ITEM 1.01         ENTRY INTO A MATERIAL DEFINITIVE AGREEMENT.

                  On November 8, 2004, INTERMET Corporation entered into a First
Amendment to Debtor in Possession Credit Agreement (the "First Amendment") among
the company, certain of the company's subsidiaries (collectively, the
"Borrowers"), a group of lenders (the "Lenders"), Deutsche Bank Trust Company
Americas ("Deutsche Bank"), as collateral agent for the Lenders and as co-agent,
and The Bank of Nova Scotia ("Scotia Capital") as administrative agent for
Lenders. The First Amendment amends the company's Debtor in Possession Credit
Agreement dated as of October 22, 2004 (the "Credit Agreement"). Deutsche Bank
and Scotia Capital are also parties to the company's pre-petition First Amended
and Restated Credit Agreement dated January 8, 2004.
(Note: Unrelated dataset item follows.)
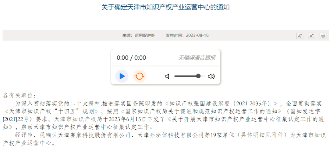 日前,天津市知識(shí)產(chǎn)權(quán)局發(fā)布了《關(guān)于確定天津市知識(shí)產(chǎn)權(quán)業(yè)運(yùn)營(yíng)中心的通知》,天津賽象科技股份有限公司入選首批天津市知識(shí)產(chǎn)權(quán)產(chǎn)業(yè)運(yùn)營(yíng)中心,重點(diǎn)面向高端裝備方向開(kāi)展知識(shí)產(chǎn)權(quán)成果的運(yùn)營(yíng)及轉(zhuǎn)移轉(zhuǎn)化。
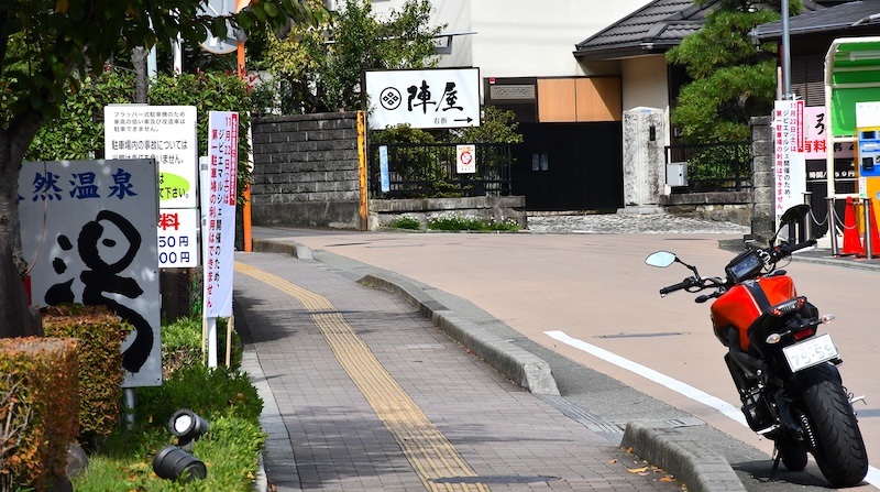バイクは狭いながらも奥の駐輪用に停めることができます。お風呂は内湯と露天風呂があり、サウナや食事処もあります。

                  As previously reported, the Credit Agreement provides for a
$60.0 million commitment of debtor-in-possession financing (the "DIP Facility")
to fund the Borrowers' working capital requirements and other corporate purposes
during the Borrowers' chapter 11 proceedings. Pursuant to the terms of the
Credit Agreement, the Borrowers are able to borrow up to $20.0 million of the
DIP facility through December 31, 2004, subject to a budget and other
restrictions. Under the First Amendment, the Lenders have agreed that they will
give immediate effect to their commitment to fund the additional $40.0
availability under the DIP Facility. The Borrowers' ability to borrow this
additional $40.0 remains subject to the following conditions: completion of
collateral documents and other closing deliveries; approval by Deutsche Bank and
Scotia Capital of an updated budget; no material adverse change in the business
or condition of INTERMET and its subsidiaries, taken as a whole; execution of
agreements satisfactory to Deutsche Bank and Scotia Capital by INTERMET and its
customers representing 75% of INTERMET's gross sales; and minimum availability
of $25.0 million under the borrowing base. Two additional conditions to the
Borrowers' ability to borrow the $40.0 million have already been satisfied:
first, the Bankruptcy Court gave its final approval of the DIP Facility on
November 5, 2004, subject to rights of appeal, and second, INTERMET has paid a
commitment fee of approximately $1.0 million to the Lenders.

                  A copy of the First Amendment is attached to this Current
Report on Form 8-K as Exhibit 10.1.

ITEM 9.01.        FINANCIAL STATEMENTS AND EXHIBITS.

(a)      Not applicable
(b)      Not applicable
(c)      Exhibits:

         The following exhibit is being filed herewith:

         10.1     Debtor in Possession Credit Agreement dated as of October 22,
                  2004.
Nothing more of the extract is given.